PROBLEM DETAILS
Starting at the first line of the data, please print exactly those lines through the one that holds "大人から子供まで大好きな、コ", omitting every picture.
═══ STUDY MATERIAL ═══
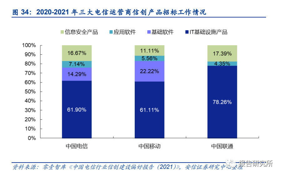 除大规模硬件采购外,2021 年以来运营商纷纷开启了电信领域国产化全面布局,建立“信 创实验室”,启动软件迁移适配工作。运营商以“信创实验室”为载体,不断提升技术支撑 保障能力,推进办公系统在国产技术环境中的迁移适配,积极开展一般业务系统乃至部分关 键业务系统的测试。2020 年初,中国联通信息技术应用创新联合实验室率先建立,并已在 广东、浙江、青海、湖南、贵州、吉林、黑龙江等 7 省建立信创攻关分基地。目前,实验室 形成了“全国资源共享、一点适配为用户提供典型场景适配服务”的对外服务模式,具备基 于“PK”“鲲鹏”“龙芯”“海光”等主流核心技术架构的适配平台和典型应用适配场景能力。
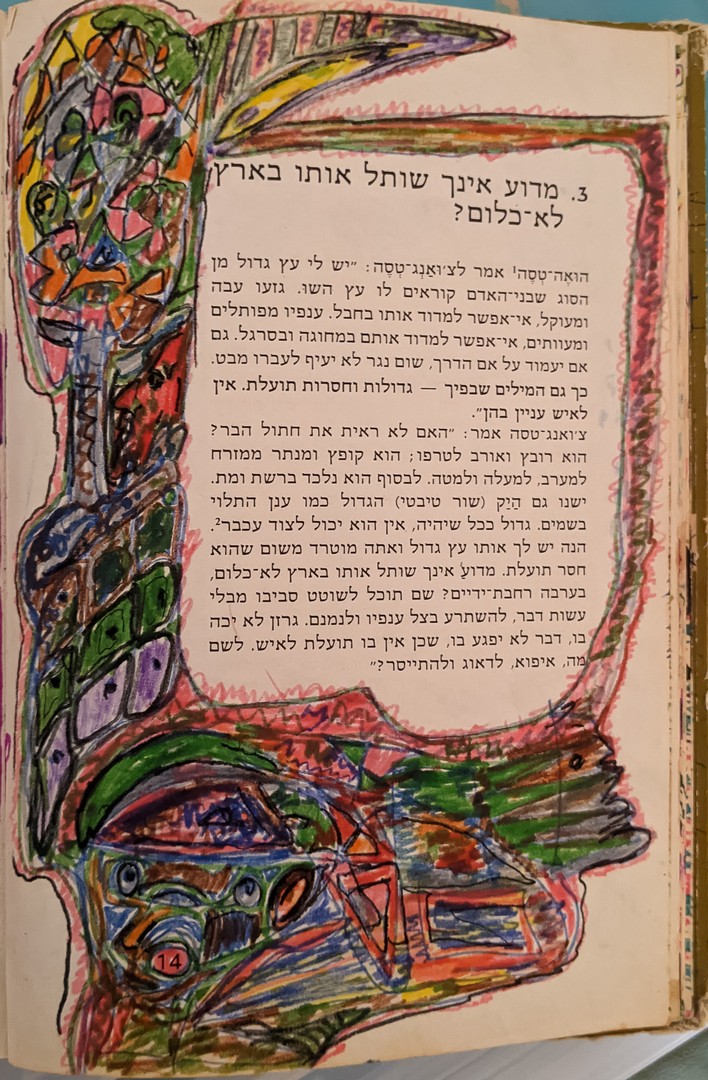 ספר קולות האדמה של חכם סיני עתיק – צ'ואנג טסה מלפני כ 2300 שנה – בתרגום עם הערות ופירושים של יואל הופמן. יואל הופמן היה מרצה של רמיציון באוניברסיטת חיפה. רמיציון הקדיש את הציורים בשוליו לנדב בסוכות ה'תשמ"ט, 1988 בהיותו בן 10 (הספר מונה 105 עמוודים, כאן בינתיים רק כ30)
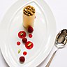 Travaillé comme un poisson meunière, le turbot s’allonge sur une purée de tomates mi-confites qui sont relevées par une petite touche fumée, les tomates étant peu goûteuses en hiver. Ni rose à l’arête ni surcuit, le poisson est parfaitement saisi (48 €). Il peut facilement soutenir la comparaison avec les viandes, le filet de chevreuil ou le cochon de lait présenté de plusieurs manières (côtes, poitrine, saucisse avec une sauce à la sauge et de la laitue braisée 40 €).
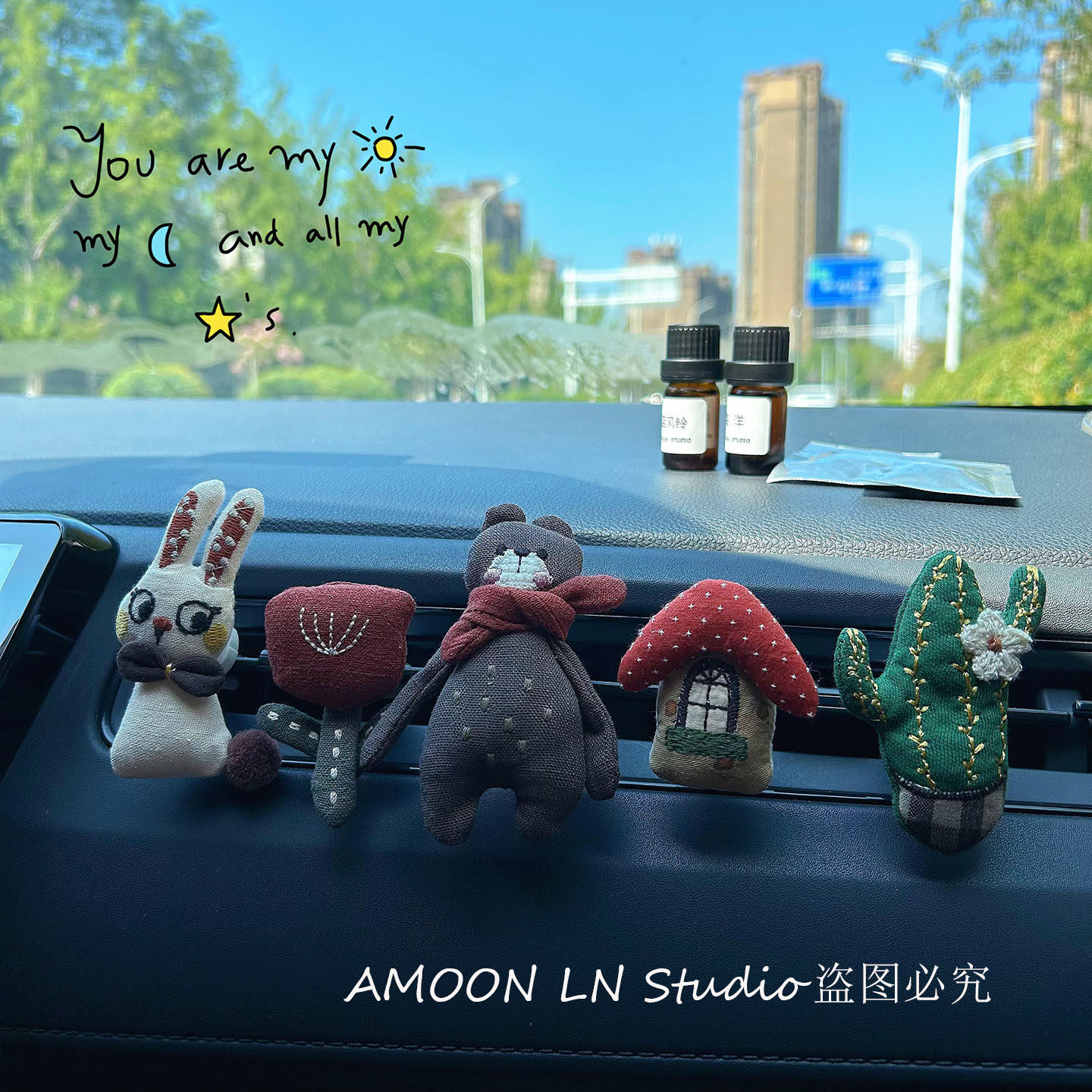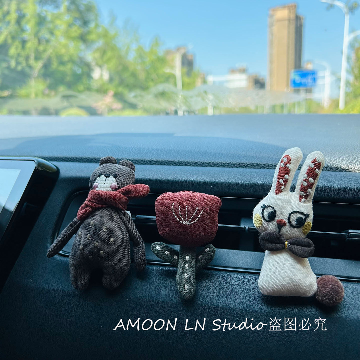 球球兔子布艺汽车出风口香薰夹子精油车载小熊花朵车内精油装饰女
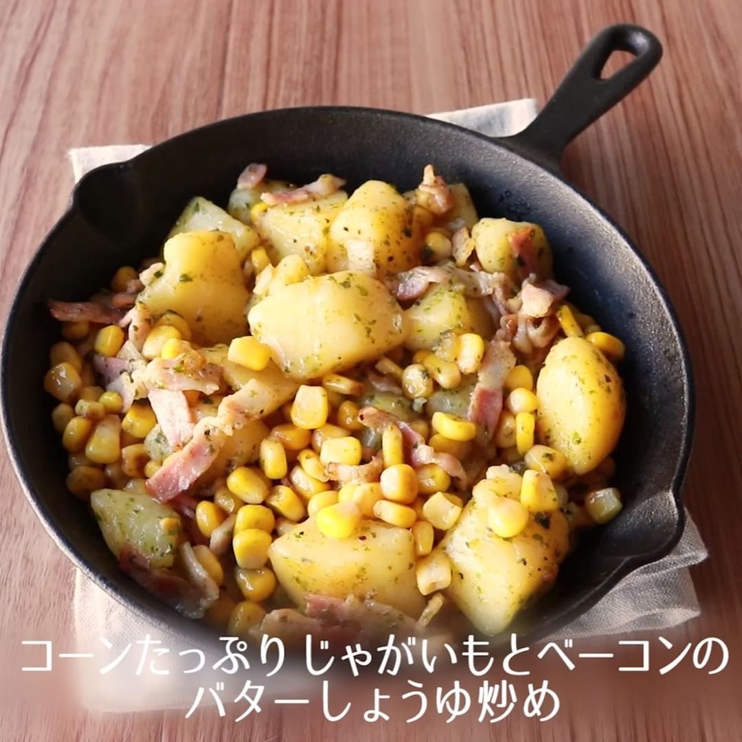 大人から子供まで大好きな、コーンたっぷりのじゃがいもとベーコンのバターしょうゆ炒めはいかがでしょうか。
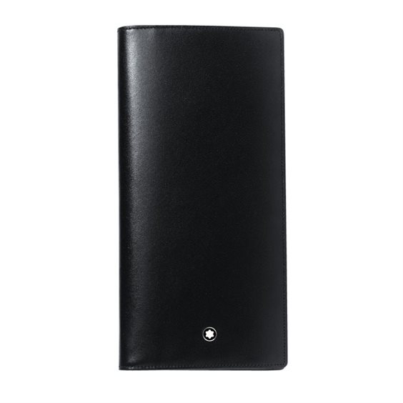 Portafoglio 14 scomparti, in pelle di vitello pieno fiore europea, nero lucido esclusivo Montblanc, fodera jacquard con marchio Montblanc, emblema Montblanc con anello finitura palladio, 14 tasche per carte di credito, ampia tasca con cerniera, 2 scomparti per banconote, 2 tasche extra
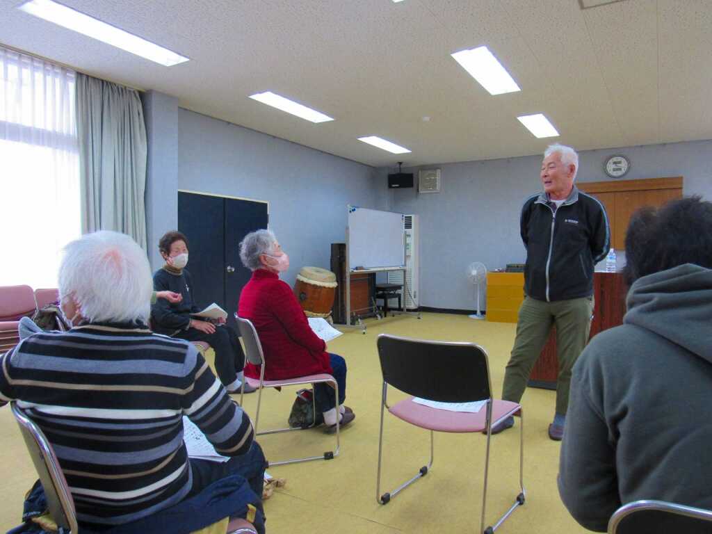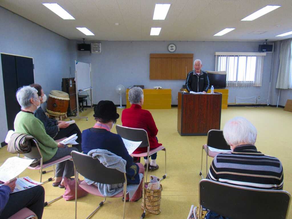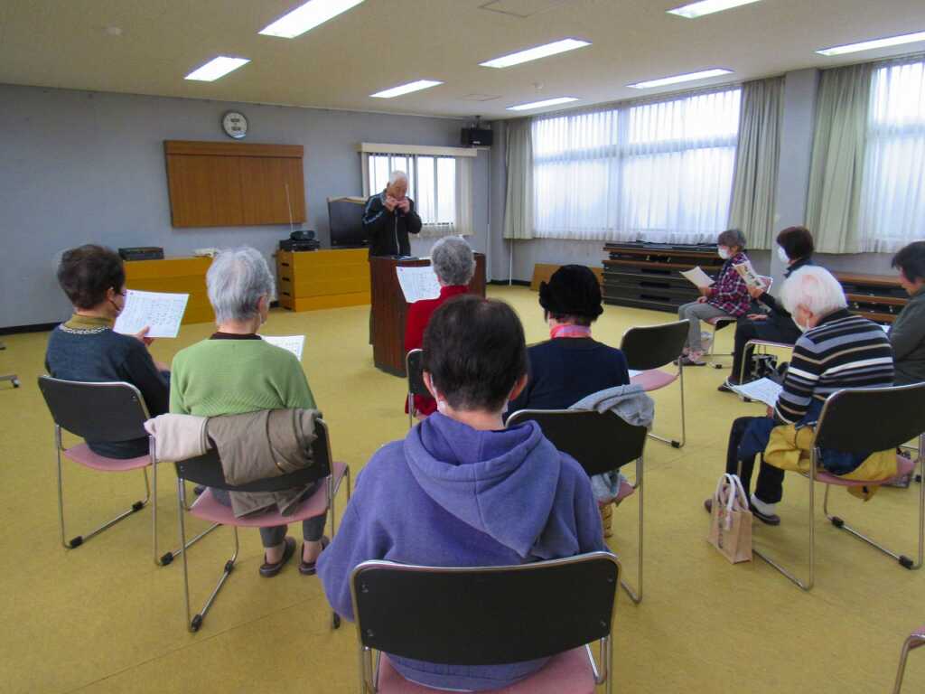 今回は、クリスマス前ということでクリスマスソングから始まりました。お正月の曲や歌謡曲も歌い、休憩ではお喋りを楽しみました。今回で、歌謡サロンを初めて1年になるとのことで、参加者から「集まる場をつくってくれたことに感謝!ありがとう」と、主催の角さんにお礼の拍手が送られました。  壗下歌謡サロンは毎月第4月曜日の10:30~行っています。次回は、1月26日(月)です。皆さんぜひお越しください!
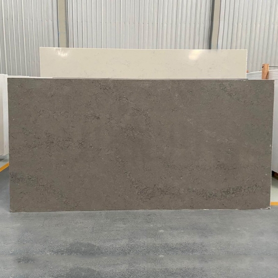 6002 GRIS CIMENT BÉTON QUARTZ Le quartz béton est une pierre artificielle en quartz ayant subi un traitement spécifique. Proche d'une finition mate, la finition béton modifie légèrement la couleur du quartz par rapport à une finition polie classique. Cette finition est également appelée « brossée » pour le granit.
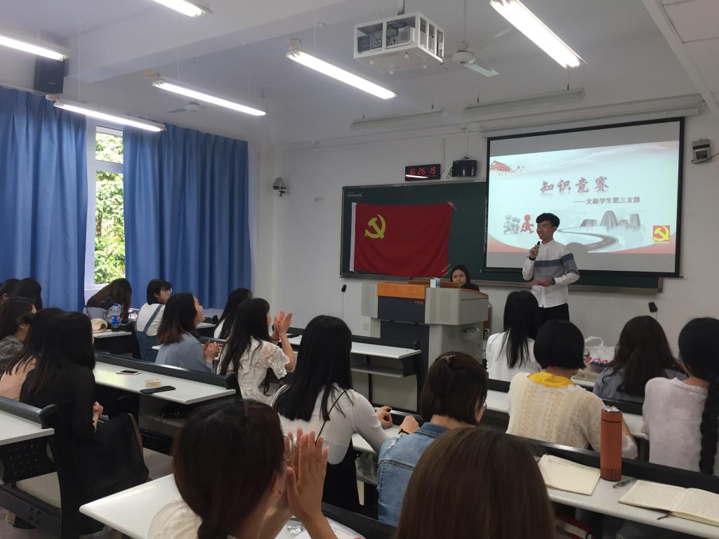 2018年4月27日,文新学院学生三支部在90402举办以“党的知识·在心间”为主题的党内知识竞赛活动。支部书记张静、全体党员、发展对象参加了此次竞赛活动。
═══
EXERCISE OUTPUT
 除大规模硬件采购外,2021 年以来运营商纷纷开启了电信领域国产化全面布局,建立“信 创实验室”,启动软件迁移适配工作。运营商以“信创实验室”为载体,不断提升技术支撑 保障能力,推进办公系统在国产技术环境中的迁移适配,积极开展一般业务系统乃至部分关 键业务系统的测试。2020 年初,中国联通信息技术应用创新联合实验室率先建立,并已在 广东、浙江、青海、湖南、贵州、吉林、黑龙江等 7 省建立信创攻关分基地。目前,实验室 形成了“全国资源共享、一点适配为用户提供典型场景适配服务”的对外服务模式,具备基 于“PK”“鲲鹏”“龙芯”“海光”等主流核心技术架构的适配平台和典型应用适配场景能力。
 ספר קולות האדמה של חכם סיני עתיק – צ'ואנג טסה מלפני כ 2300 שנה – בתרגום עם הערות ופירושים של יואל הופמן. יואל הופמן היה מרצה של רמיציון באוניברסיטת חיפה. רמיציון הקדיש את הציורים בשוליו לנדב בסוכות ה'תשמ"ט, 1988 בהיותו בן 10 (הספר מונה 105 עמוודים, כאן בינתיים רק כ30)
 Travaillé comme un poisson meunière, le turbot s’allonge sur une purée de tomates mi-confites qui sont relevées par une petite touche fumée, les tomates étant peu goûteuses en hiver. Ni rose à l’arête ni surcuit, le poisson est parfaitement saisi (48 €). Il peut facilement soutenir la comparaison avec les viandes, le filet de chevreuil ou le cochon de lait présenté de plusieurs manières (côtes, poitrine, saucisse avec une sauce à la sauge et de la laitue braisée 40 €).
 球球兔子布艺汽车出风口香薰夹子精油车载小熊花朵车内精油装饰女
 大人から子供まで大好きな、コーンたっぷりのじゃがいもとベーコンのバターしょうゆ炒めはいかがでしょうか。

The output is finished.